Role of a CIO in the Age of Innovation
Vijay Sethi is of the view that today the role of the CIO is quite different from what it was few years back. “There is so much change in technology, user requirements, user perception, and user expectation that the role that IT plays in the companies is undergoing a huge shift. When the technology is changing, the role of the CIOs must also change,” says Sethi. He says that SMAC is leading to a significant transformation in the way that the major organisations conduct their business. “Social, Mobile, Analytics, Cloud—these are not buzz words, they are forces of innovation capable of transforming the entire IT landscape.”
He says that it is not just the CIOs and the IT teams that are taking notice of SMAC, the CEOs, and other business leaders and the end users are are also becoming aware of the whole range of benefits that SMAC can bring to the organisation.
Are Indian companies ready to adopt SMAC? Answering this question, Sethi says, “It is not a question of “if”, but “what all”. The companies have no alternative except to adopt SMAC, which offers many advantages.

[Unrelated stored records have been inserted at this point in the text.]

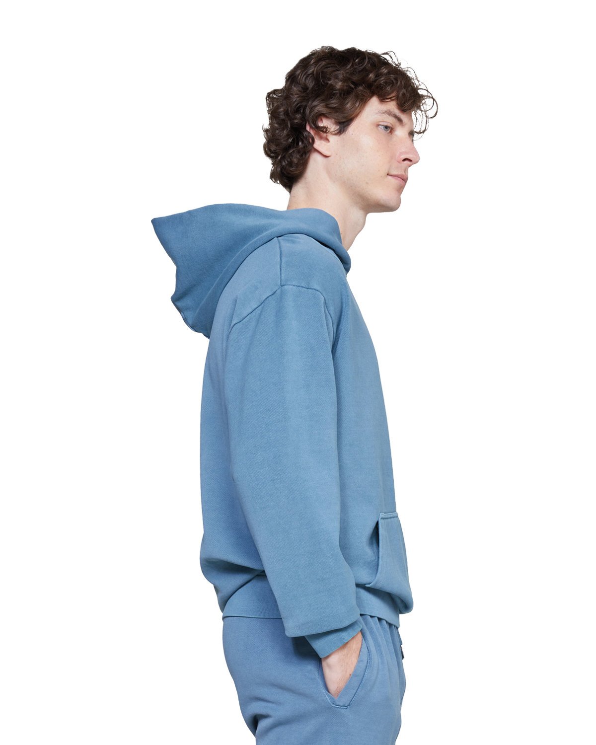 10 oz., 80% cotton, 20% polyester fleece; 100% cotton face; Oversized fit, three-end heavyweight pigment-dyed fleece; All colors are pigment-dyed except Black and White; No drawcords; Two-panel hood and double-needle topstitch on all seams; 1×1 ribbing at cuff and waistband; Tear away label
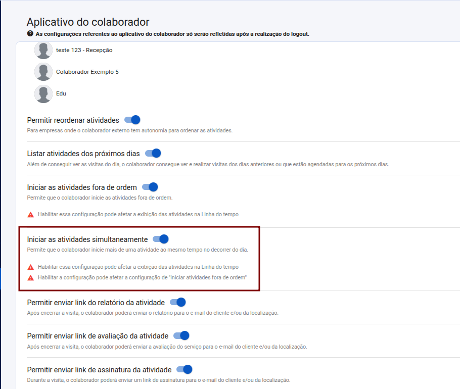 Passo 3: Feito isso, os colaboradores poderão iniciar mais do que uma atividade ao mesmo tempo.
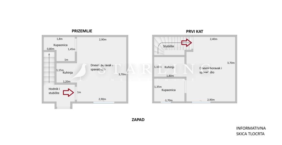 Prodaju se dvije garsonijere ukupne neto površine 40 m2 u prizemlju i prvom katu zgrade bez lifta.
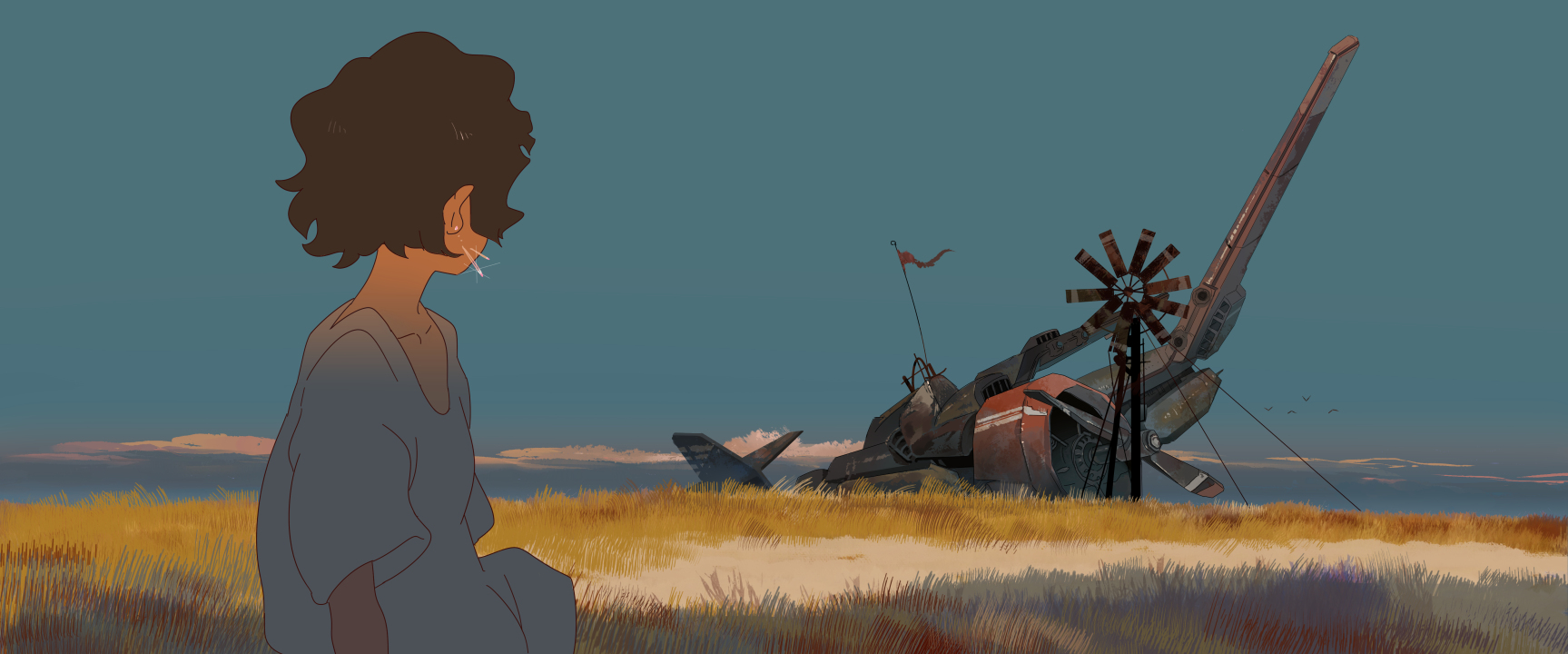 黑发、动漫、动漫女孩、插图、连衣裙、天空、草、水、树叶

Ultimately the CIOs have to deploy the technology that makes business sense. The CIOs can’t buck the trend.” But how does a company that already has legacy systems in place adopt SMAC? Sethi says, “The need of the hour is to look at the culture of the organisation, analyse the business case, and consider other aspects before creating a detailed roadmap for adoption.”
The other areas of technology that are now picking up are M2M Communication and IoT. “People are now exploring M2M space,” says Sethi. “This will be a space to watch out for in the automotive sector as we move forward.” He is of the view that MDM (Mobile Device Management) and MAM (Mobile Application Management) are two key areas for one to exploit the power of mobility.
“Traditionally most of the IT departments have been mainly focussed on setting up the IT policies and restrictions, but now with consumerisation of IT, and a very IT savvy and young workforce in most organisations, the CIOs need to be more collaborative while setting up these of policies. The IT policies must be contemporary and should to be constantly updated to keep pace with new innovations.”
On the issue of data centre, which is at the heart of any IT setup, Sethi says, “The way the data centre is designed, operated, managed will have significant impact on not just the cost but also the overall efficiency and effectiveness of organisation.” He says that in case of data centres, one needs to increase focus on reducing energy consumption, having greener data centre, which means reducing the footprint by virtualization or other means, efficient cooling, etc.
What areas of technology does Sethi see picking up in the next few years? He says, “While cloud computing, be it private, public and hybrid, does play a key role, another area that is about to pick up is SDDC (Software-Defined Data Center). As of now SDDC is a new concept, but in the next 2-3 years will definitely be part of the technology mainstream.”